### [Goal of the exercise]
In your copy, include no images and return each entry exactly as written.

### [Data extract]

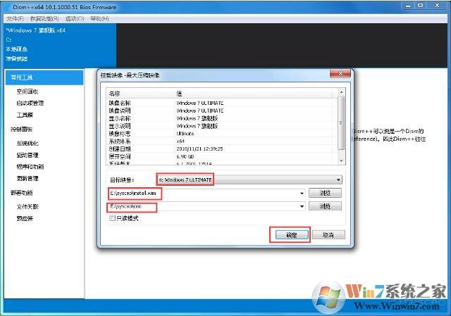 5、這個install.wim 是win7 多鏡像 版本 里面有家庭版,家庭高級版,專業(yè)版,旗艦版 我們選擇旗艦版 釋放路徑就是我們剛剛新ceo 文件夾
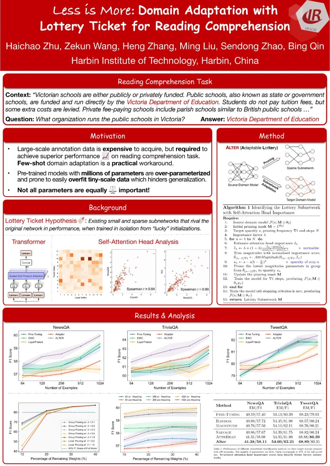 在本文中,我们提出了一种用于阅读理解的简单的小样本域适应方法。我们首先识别出基于 Transformer 的源域模型中的子网络。然后,使用目标领域上的标注数据来更新子网络的参数(占整个模型参数的一小部分)来进行领域迁移。为了获得更具迁移性的子网络,我们引入了自注意力归因来帮助识别子网络,通过这种方法,我们同时考量参数的结构化与非结构化重要性。实验结果表明,进行少样本领域迁移时,我们的方法在四个目标领域上优于微调全部参数及三个基线方法。此外,引入自注意力归因后,子网络包含了更多的来自重要的自注意力头(Self-Attention Head)的参数,提高了领域迁移的性能。进一步分析表明,除了利用较少的参数进行领域迁移外,子网络的选择对有效性有非常重要的影响。
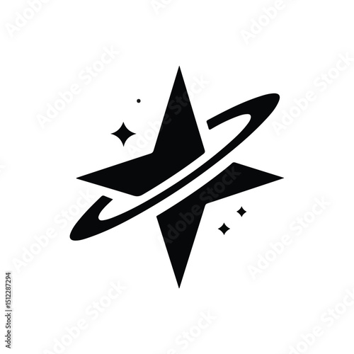 a minimalistic design with a star shape and a planet orbiting around it
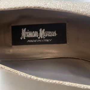 NEMAN MARCUS Made in Italy Classic Style Natural Oatmeal Gold Studded Low Heel
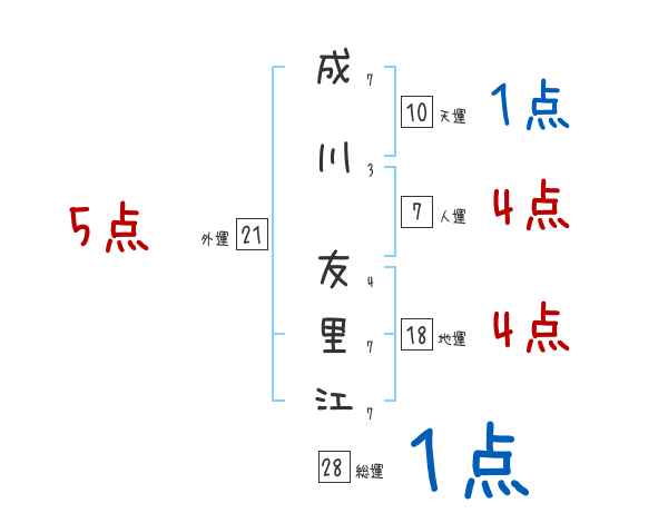| 総運  | 成川友里江さんの総運は28画の1つ星!家庭環境に注意。スポーツで活躍できる能力があるかも。あなたの人生を表す1番重要な運勢です。生涯を通じて影響する総合運となり、主に50歳以降の晩年期に影響を及ぼします。 |
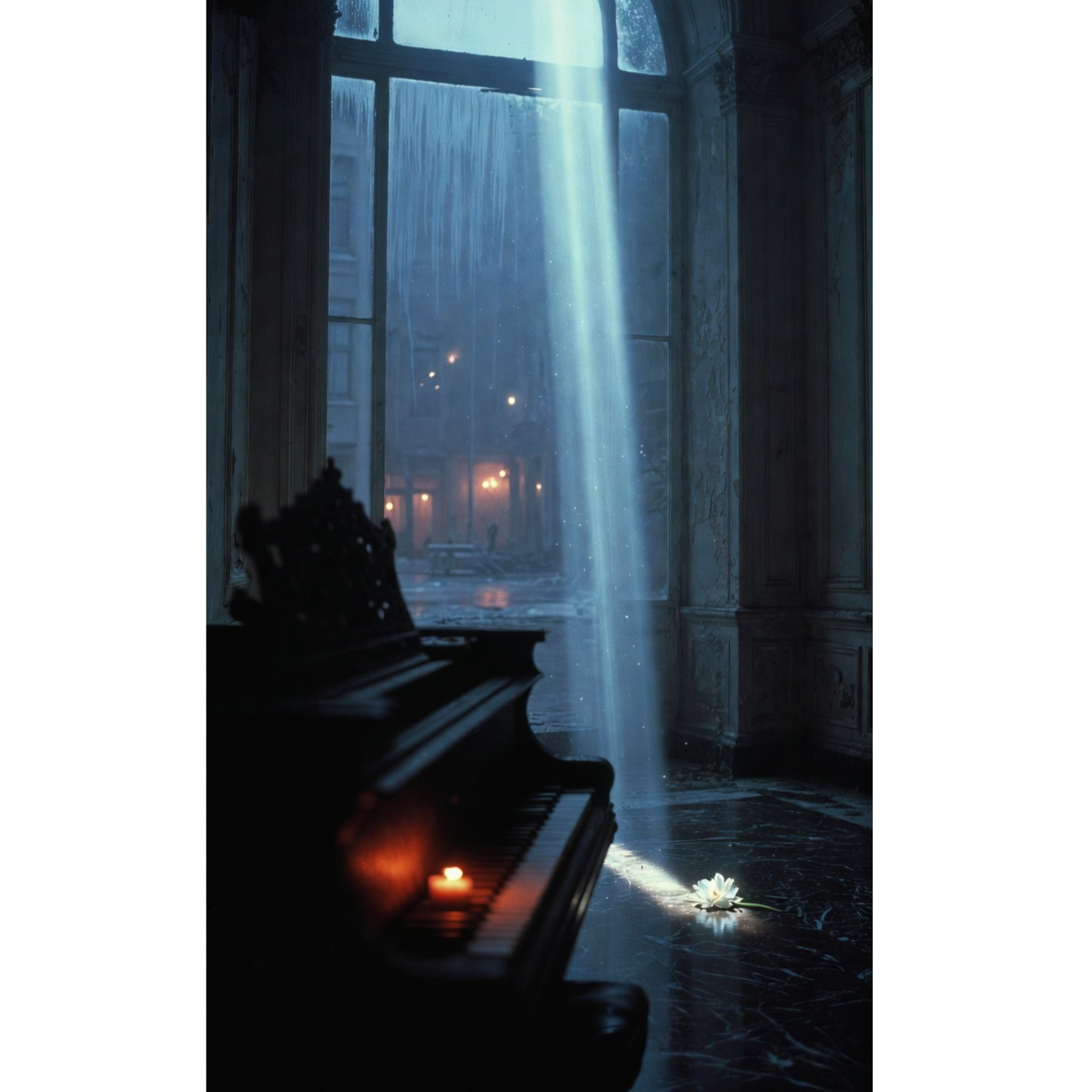 A piano-driven New Wave and indie pop base opens with sparse, echoing keys and moody synths, Cinematic strings weave melancholy through each section, Subtle trip hop beats pulse beneath haunting male vocals, with ethereal children’s choir and orchestra layering dreamlike textures in chorus and outro
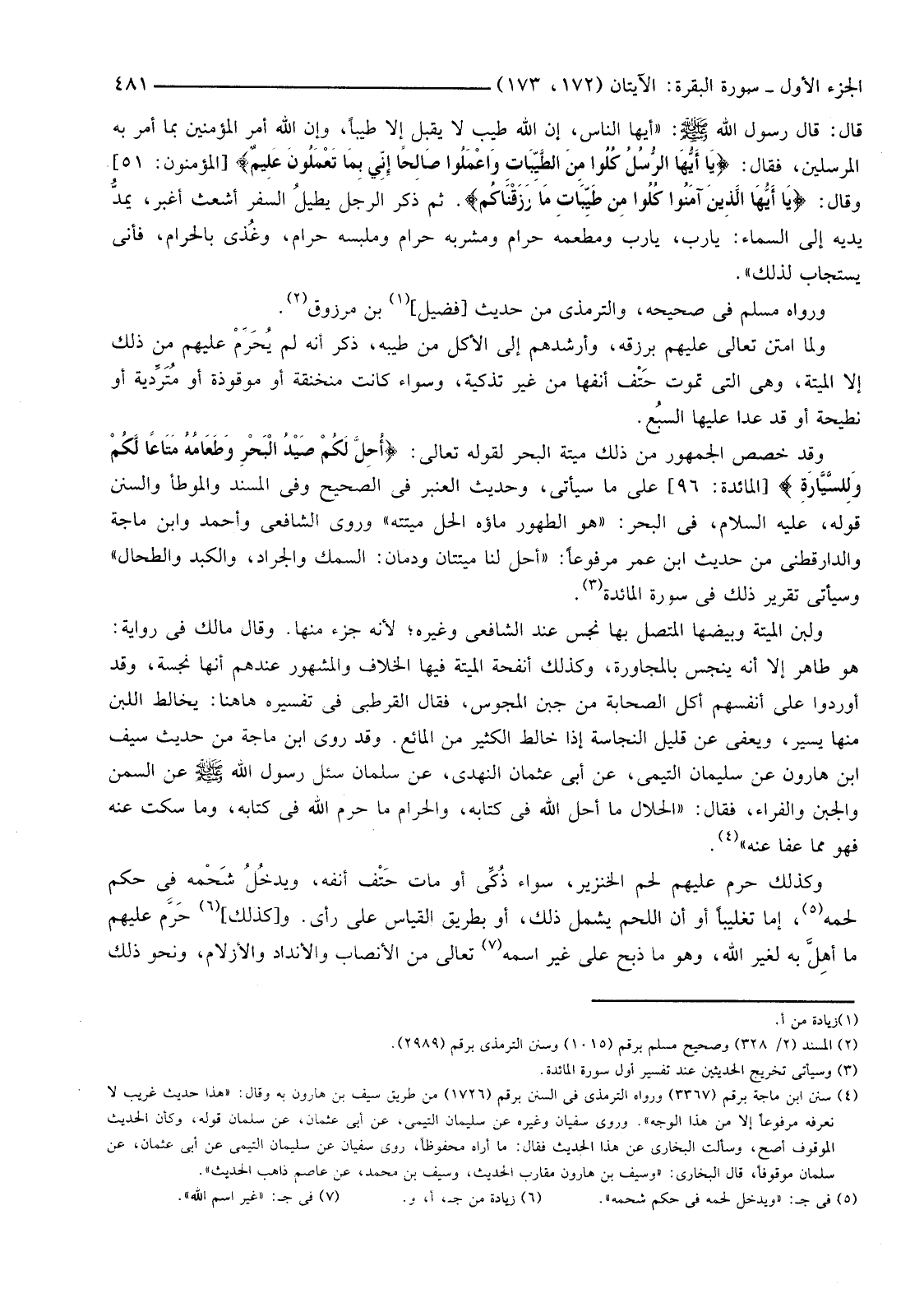 وَقَدْ خَصَّصَ الْجُمْهُورُ مِنْ ذَلِكَ مَيْتَةَ الْبَحْرِ لِقَوْلِهِ تَعَالَى: {أُحِلَّ لَكُمْ صَيْدُ الْبَحْرِ وَطَعَامُهُ مَتَاعًا لَكُمْ وَلِلسَّيَّارَةِ} [الْمَائِدَةِ: 96] عَلَى مَا سَيَأْتِي، وَحَدِيثُ الْعَنْبَرِ فِي الصَّحِيحِ وَفِي الْمُسْنَدِ وَالْمُوَطَّأِ وَالسُّنَنِ قَوْلُهُ، عَلَيْهِ السَّلَامُ، فِي الْبَحْرِ: "هُوَ الطَّهُورُ مَاؤُهُ الْحِلُّ مَيْتَتُهُ" وَرَوَى الشَّافِعِيُّ وَأَحْمَدُ وَابْنُ مَاجَهْ وَالدَّارَقُطْنِيُّ مِنْ حَدِيثِ ابْنِ عُمَرَ مَرْفُوعًا: "أُحِلَّ لَنَا مَيْتَتَانِ وَدَمَانِ: السَّمَكُ وَالْجَرَادُ، وَالْكَبِدُ وَالطِّحَالُ" وَسَيَأْتِي تَقْرِيرُ ذَلِكَ فِي سُورَةِ الْمَائِدَةِ (3) .
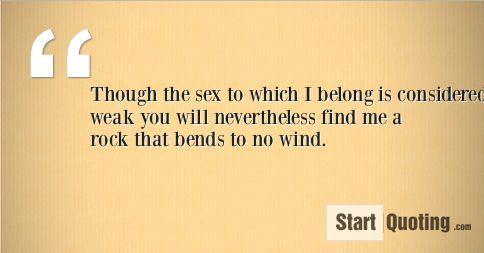 Though the sex to which I belong is considered weak you will nevertheless find me a rock that bends to no wind.
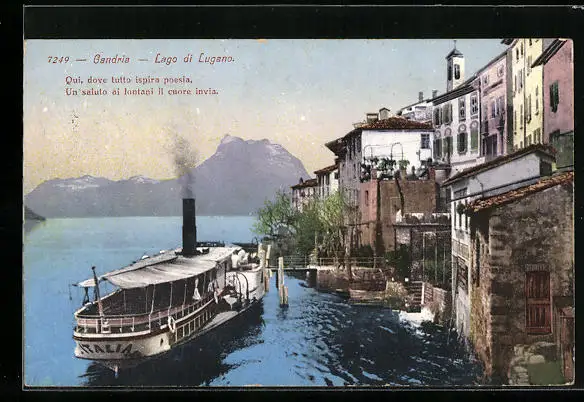AK Gandria, Der Dampfer Italia verlässt den Ort am Lago di Lugano
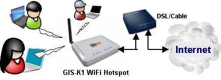 The GIS-K1 Wi-Fi Hotspot is installed in the business premises as shown in the diagram below:
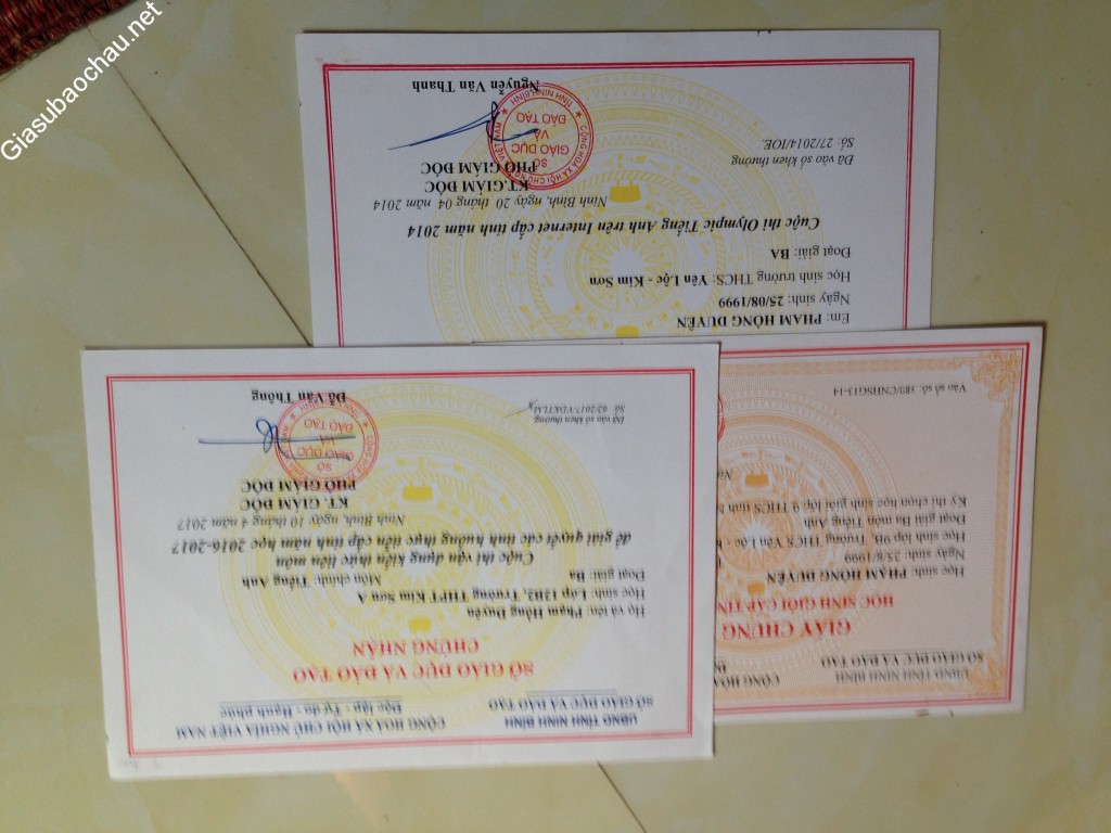 Mình không học cấp 3 tại trường chuyên nào của tỉnh, nhưng bù vào đó là nỗ lực tự học Tiếng Anh song song với quá trình học tập các bộ môn khác trên trường lớp. Và thành quả là giải Ba IOE cấp tỉnh năm lớp 11, lọt Top 40 bạn học sinh trong tỉnh tham gia cuộc thi IOE cấp Quốc gia, giải Khuyến khích cuộc thi Hùng biện tiếng Anh cấp tỉnh, thêm vào đó là các giải thưởng trong các cuộc thi tiếng Anh viết do trường tổ chức hằng năm.
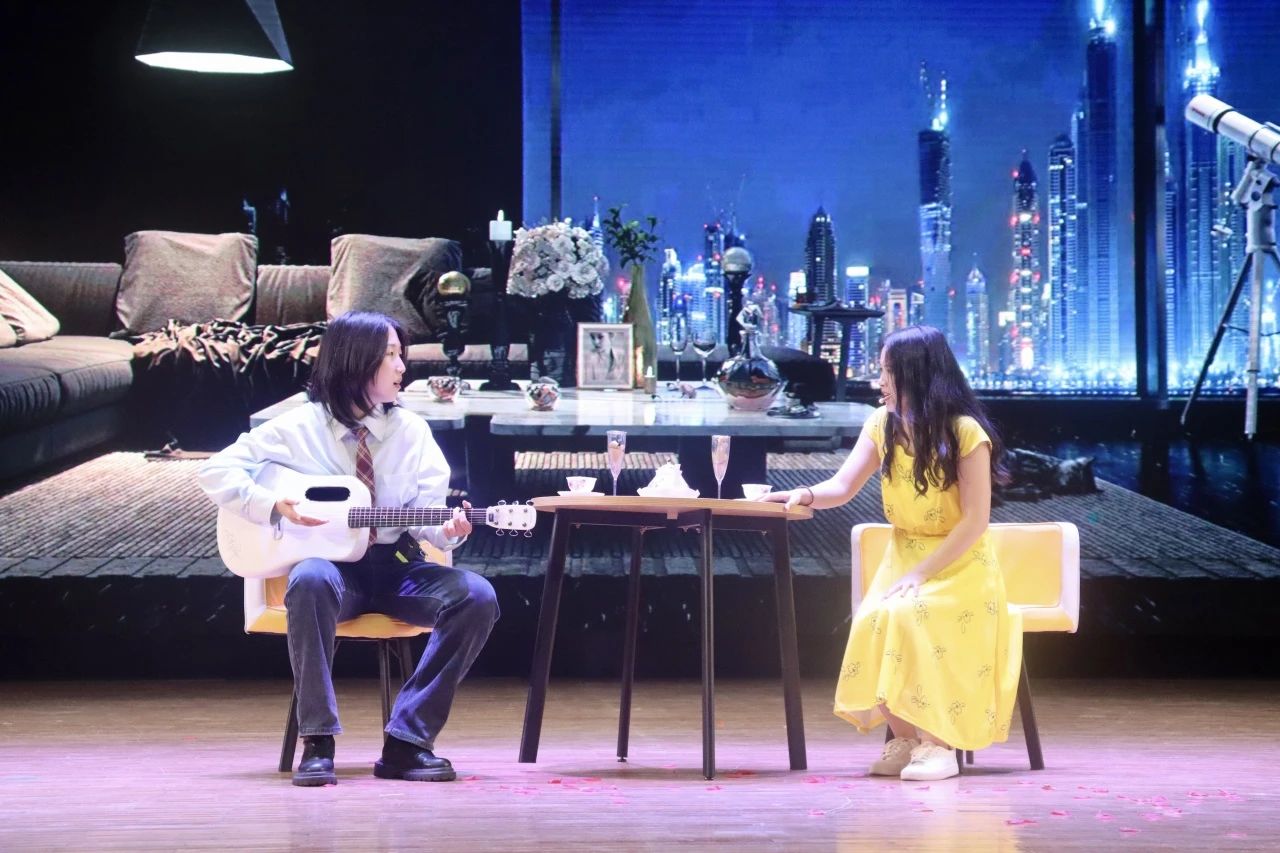 中場環(huán)節(jié)過后,研究生劇組表演了深受觀眾喜愛的劇目《愛樂之城》,描繪了爵士鋼琴家賽巴斯蒂安和女演員米婭在洛杉磯這個充滿夢想與機(jī)會的城市相識,在種種挑戰(zhàn)和抉擇面前鼓勵彼此勇敢追求自己夢想的故事。他們輕松愜意的表演風(fēng)格和歡快自在的舞臺呈現(xiàn)為本場演出增添了無限魅力。
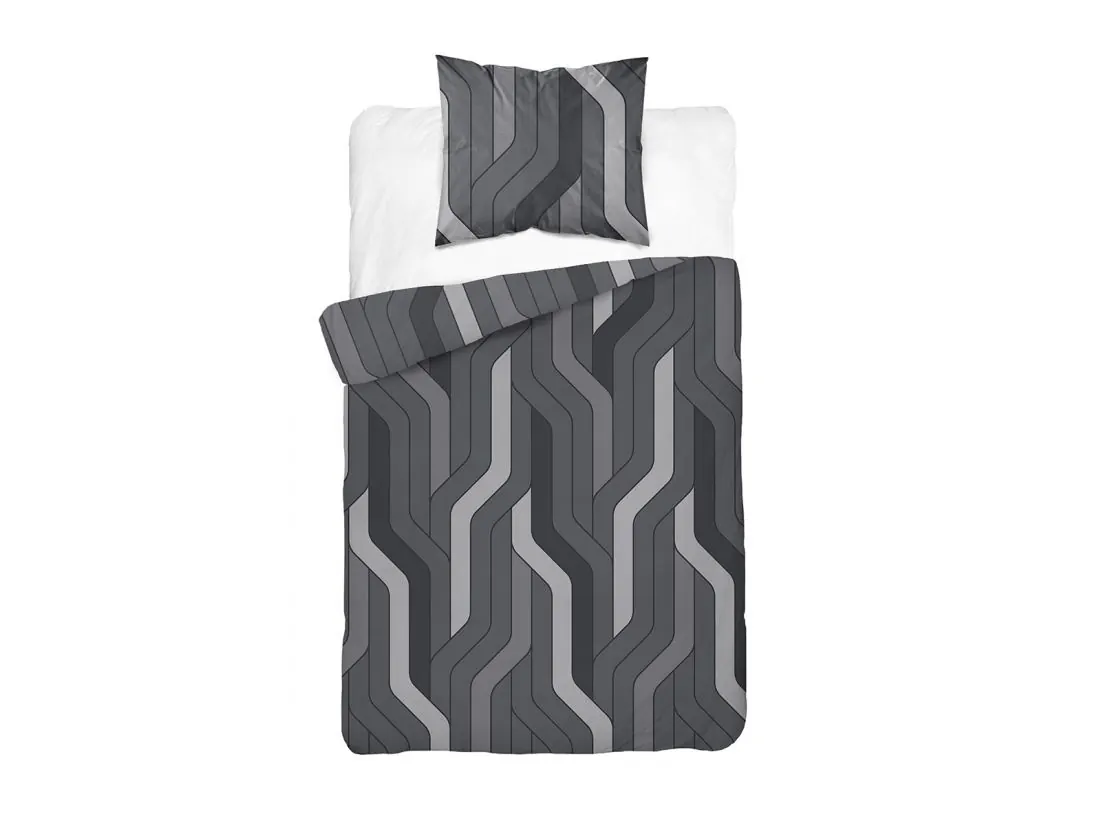 Pościel bawełniana 140x200 – Geometryczny Zygzak Szary (100% Bawełna)

### [Exercise result]
 5、這個install.wim 是win7 多鏡像 版本 里面有家庭版,家庭高級版,專業(yè)版,旗艦版 我們選擇旗艦版 釋放路徑就是我們剛剛新ceo 文件夾
 在本文中,我们提出了一种用于阅读理解的简单的小样本域适应方法。我们首先识别出基于 Transformer 的源域模型中的子网络。然后,使用目标领域上的标注数据来更新子网络的参数(占整个模型参数的一小部分)来进行领域迁移。为了获得更具迁移性的子网络,我们引入了自注意力归因来帮助识别子网络,通过这种方法,我们同时考量参数的结构化与非结构化重要性。实验结果表明,进行少样本领域迁移时,我们的方法在四个目标领域上优于微调全部参数及三个基线方法。此外,引入自注意力归因后,子网络包含了更多的来自重要的自注意力头(Self-Attention Head)的参数,提高了领域迁移的性能。进一步分析表明,除了利用较少的参数进行领域迁移外,子网络的选择对有效性有非常重要的影响。
 a minimalistic design with a star shape and a planet orbiting around it
 NEMAN MARCUS Made in Italy Classic Style Natural Oatmeal Gold Studded Low Heel
| 総運  | 成川友里江さんの総運は28画の1つ星!家庭環境に注意。スポーツで活躍できる能力があるかも。あなたの人生を表す1番重要な運勢です。生涯を通じて影響する総合運となり、主に50歳以降の晩年期に影響を及ぼします。 |
 A piano-driven New Wave and indie pop base opens with sparse, echoing keys and moody synths, Cinematic strings weave melancholy through each section, Subtle trip hop beats pulse beneath haunting male vocals, with ethereal children’s choir and orchestra layering dreamlike textures in chorus and outro
 وَقَدْ خَصَّصَ الْجُمْهُورُ مِنْ ذَلِكَ مَيْتَةَ الْبَحْرِ لِقَوْلِهِ تَعَالَى: {أُحِلَّ لَكُمْ صَيْدُ الْبَحْرِ وَطَعَامُهُ مَتَاعًا لَكُمْ وَلِلسَّيَّارَةِ} [الْمَائِدَةِ: 96] عَلَى مَا سَيَأْتِي، وَحَدِيثُ الْعَنْبَرِ فِي الصَّحِيحِ وَفِي الْمُسْنَدِ وَالْمُوَطَّأِ وَالسُّنَنِ قَوْلُهُ، عَلَيْهِ السَّلَامُ، فِي الْبَحْرِ: "هُوَ الطَّهُورُ مَاؤُهُ الْحِلُّ مَيْتَتُهُ" وَرَوَى الشَّافِعِيُّ وَأَحْمَدُ وَابْنُ مَاجَهْ وَالدَّارَقُطْنِيُّ مِنْ حَدِيثِ ابْنِ عُمَرَ مَرْفُوعًا: "أُحِلَّ لَنَا مَيْتَتَانِ وَدَمَانِ: السَّمَكُ وَالْجَرَادُ، وَالْكَبِدُ وَالطِّحَالُ" وَسَيَأْتِي تَقْرِيرُ ذَلِكَ فِي سُورَةِ الْمَائِدَةِ (3) .
 Though the sex to which I belong is considered weak you will nevertheless find me a rock that bends to no wind.
AK Gandria, Der Dampfer Italia verlässt den Ort am Lago di Lugano
 The GIS-K1 Wi-Fi Hotspot is installed in the business premises as shown in the diagram below:
 Mình không học cấp 3 tại trường chuyên nào của tỉnh, nhưng bù vào đó là nỗ lực tự học Tiếng Anh song song với quá trình học tập các bộ môn khác trên trường lớp. Và thành quả là giải Ba IOE cấp tỉnh năm lớp 11, lọt Top 40 bạn học sinh trong tỉnh tham gia cuộc thi IOE cấp Quốc gia, giải Khuyến khích cuộc thi Hùng biện tiếng Anh cấp tỉnh, thêm vào đó là các giải thưởng trong các cuộc thi tiếng Anh viết do trường tổ chức hằng năm.
 中場環(huán)節(jié)過后,研究生劇組表演了深受觀眾喜愛的劇目《愛樂之城》,描繪了爵士鋼琴家賽巴斯蒂安和女演員米婭在洛杉磯這個充滿夢想與機(jī)會的城市相識,在種種挑戰(zhàn)和抉擇面前鼓勵彼此勇敢追求自己夢想的故事。他們輕松愜意的表演風(fēng)格和歡快自在的舞臺呈現(xiàn)為本場演出增添了無限魅力。
 Pościel bawełniana 140x200 – Geometryczny Zygzak Szary (100% Bawełna)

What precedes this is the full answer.